Improving performance for applications that access distributed data

The key to improving the performance of applications that access remote data is to limit the number of network transmissions.

About this task

Introductory concepts

A query that is sent to a remote system can sometimes take longer to execute than the same query, accessing tables of the same size, on the local DB2® subsystem. The principal reasons for this potential increase in execution time are:

The time required to send messages across the network
Overhead processing, including startup and communication subsystem session management

Some aspects of overhead processing, for instance, network processing, are not under DB2 control.
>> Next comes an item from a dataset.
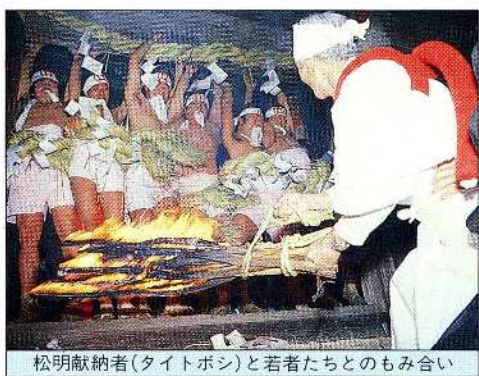
松明献納者(タイトボン)と若者たちとのもみ合い

富士宮市猪之頭にある水産試験場「富士養鱒場」。澄んだ空気と緑の中、鱒たちの飼育池が周囲の風景に溶けこんで美しく点在しています。 創立以来五十余年の長い歴史を持つこの養鱒場の主な事業は、養鱒業者などへ卵や稚魚を供給する種苗生産部門と、魚の病気や飼育環境などの研究を行う試験研究部門とに分かれています。 鱒は本来秋から冬にかけて産卵し、約一年で成長し、出荷されます。ところが近年、春から夏にかけての需要が増してきました。そこで富士養鱒場では冬場の電気照明によって魚の季節感を人工的に調節したり、一度採卵した親魚に

Monitoring and tuning performance in a distributed environment is a complex task that requires knowledge of several products.

Procedure

To maximize the performance of an application that accesses distributed data, use the following approaches:

Write any queries that access distributed data according to the following recommendations to limit the number of messages that these queries send over the network:
- Reduce the number of columns and rows in the result table by keeping the select lists as short as possible, and use the WHERE, GROUP BY, and HAVING clauses to eliminate unwanted data at the remote server.
- Specify the FOR FETCH ONLY or FOR READ ONLY clause when possible. Retrieving thousands of rows as a continuous stream is reasonable. Sending a separate message for each one can be significantly slower.
However, be aware that a query that is sent to a remote subsystem almost always takes longer to execute than the same query that accesses tables of the same size on the local subsystem for the following reasons:
- Overhead processing, including startup and negotiating session limits (if SNA is used)
- The time required to send messages across the network
For any of the following situations, use the OPTIMIZE FOR n ROWS clause in your SELECT statements and query result sets from stored procedures:
- The application fetches only a small number of rows from the query result set.
- The application fetches a large number of rows from a read-only query.
- The application rarely closes the SQL cursor before fetching the entire query result set.
- The application does not issue statements other than the FETCH statement to the DB2 server while the SQL cursor is open.
- The application does not execute FETCH statements for multiple cursors that are open concurrently and defined with the OPTIMIZE FOR n ROWS clause.
- The application does not need to scroll randomly through the data.
The OPTIMIZE FOR n ROWS clause limits the number of data rows that the server returns on each DRDA network transmission.

Restriction: This clause has no effect on scrollable cursors.

If you specify 1, 2, or 3 for n , DB2 uses the value 16 (instead of n) for network blocking and prefetches 16 rows. As a result, network usage is more efficient even though DB2 uses the small value of n for query optimization.
For example, the following SQL statement causes DB2 to prefetch 16 rows of the result table even though n has a value of 1.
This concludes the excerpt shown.